Envisager un héritier du Président Allassane Ouattara dans l'état actuel des choses, peut être une analyse rapide. Car, pour rappel, le président Allassane Ouattara lui-même , micro en main avait insisté qu'on ne prépare pas un successeur dans un mois. Il faut du temps.

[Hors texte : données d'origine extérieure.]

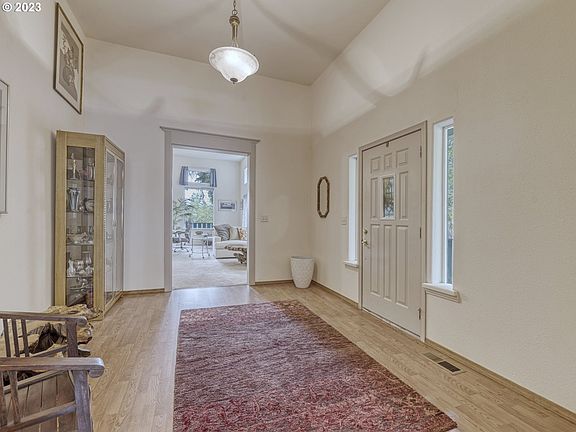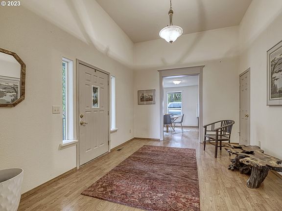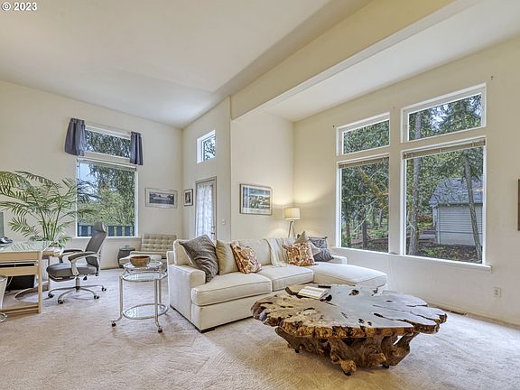 Enjoy quiet privacy at the edge of town in southeast Eugene. Situated at the end of a quiet cul-de-sac, this lovely home offers a nearly 1/2 acre tranquil backyard, detached 2 car garage with breezeway to the kitchen. The open floorplan with high windows let in lot of natural light to the large, versatile living room. A formal dining area gives room to entertain. The unfinished basement with its own entrance has so much potential! Office? ADU? You name it. Close to hiking trails, the raptor center, all you love in SE Eugene. Don't miss!

En outre , l'orque l'on suit attentivement les discours du président Allassane Ouattara, il a toujours insisté sur le critère de fidélité dans son choix d'abord d'Amadou Gon Coulibaly, puis de Hamed Bakayoko. Or, il est bien connu que Amadou Gon Coulibaly et Hamed Bakayoko furent des militants de première heure et très proches du président. C'est dire, que les nouveaux proches du pouvoir doivent d'abord mûrir, en terme de collaboration avec le président Allassane Ouattara avant d'envisager quoi que ce soit À titre d'exemple, le cas Patrick Achi qui n'est qu'à quelques années de collaboration . Et vu les enjeux, on est tenté de dire que cinq ans pourraient paraître peu. D'où , l'idée qu'en fait le président Allassane Ouattara pourrait oublier sa retraite pour conduire encore longtemps le destin d'un pays pour lequel il dit s'être sacrifié.

4/ "président à vie " malgré lui .

Dans le fond du tableau de bord de la situation politique nationale, les trois leaders charismatiques sont liés. Le rapprochement même circonstancielle entre deux est un risque pour le troisième. Bien que l'ancien général dit "général de la rue" clame haut et fort la réconciliation de tout voeu et de tout cœur, son retour ainsi que celui de son mentor au pays peuvent conduire à des lendemains politiques inconnus. En attendant, le président Allassane Ouattara est bien ouvert à leur retour, comme ses récentes déclarations l'indiquent: "ils sont libres de rentrer ". Personne cependant, ne peut prédire le sort qui leur sera réservé. Une chose est sûre, la vie de Laurent Gbagbo et de Blé Goudé restent difficiles à entrevoir hors de la vie politique. En 2025, Laurent Gbagbo candidat ,ne sera pas un défi facile pour le RHDP. Donc, on peut voir Allassane Ouattara aussi candidat contre ses adversaires de toujours en 2025. Ce qui le mettrait à jamais sur la liste des présidents à vie. Car, en dehors de ses adversaires qu'il doit surveiller, les enjeux sécuritaires, stratégiques et internationaux pourraient toujours maintenir Allassane Ouattara dans la reconquête du pouvoir. Les raisons qui l'ont poussé à se présenter en 2020, seront toujours valables en 2025.

En conclusion, dans l'état actuel des choses, il est très facile de dire que le président Allassane Ouattara va se retirer en 2025, mais personne ne peut rassurer sur celui qui pourrait le succéder. Contrairement à ce qu'on peut penser, 2025 c'est déjà demain ! Et le président Allassane Ouattara ne se retirerait pas pour juste se retirer ! Surtout, le fameux troisième mandat de la nouvelle République, est là pour dissoudre un éventuel débat d'éligibilité.